Any thoughts on how I can get it to use the “General” format for the cell?

Thanks.

I don’t know specifically how to get Excel to display your date as yyyy-mm-dd format by using the General formatting, but you could do it this way instead:

choose Custom formatting, and enter YYYY-MM-DD as the format (I assume you’re using an English version of Excel).

Should work.

NB

Yep, custom formatting is the way to go. The other option is to put an apostrophe before your date, i.e. '2008-10-15, which is a way of telling Excel ‘don’t touch this! i like it just how it is!’

The problem with that solution, though, is that Excel won’t know they’re dates, so you won’t be able to do anything like sort your table in date order.

That defines the input as text.

Agreed. Once you know the codes, you can format dates any way you want, rather than Micro-Big Brother-soft formatting them for you.

thanks for the suggestions, everyone. I’ll try them.
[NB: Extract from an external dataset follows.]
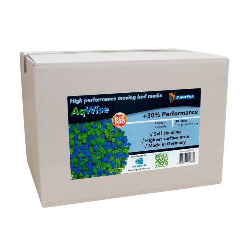 AqWise est adapté pour les filtres flottant comme le filtre Move PolyTech. AqWise est 30% plus performant que tout autre support flottant. Au lieu de 4 rayons, il en dispose de 8 petits supplémentaires qui augmentent la surface d'adhérence des bactéries de 30%. De plus à l'extérieur des anneaux vous trouverez de petits trous pour améliorer le tourbillon. De ce fait, nous optimisons l'échange de l'eau, l'apport d'oxygène et de nutriments.

But why does Excel not allow me to change the cell format to “General”? why did it let me use “General” for part of the table, then unilaterally switch the format on me? :confused:

The problem with “General” is that if Excel thinks it recognises the format of what you’ve entered, it changes the cell to that format. So, e.g., if you have 4-digit part numbers, and you put in a part number like “0123”, Excel thinks this is a number, and treats it as a number, displaying as “123”.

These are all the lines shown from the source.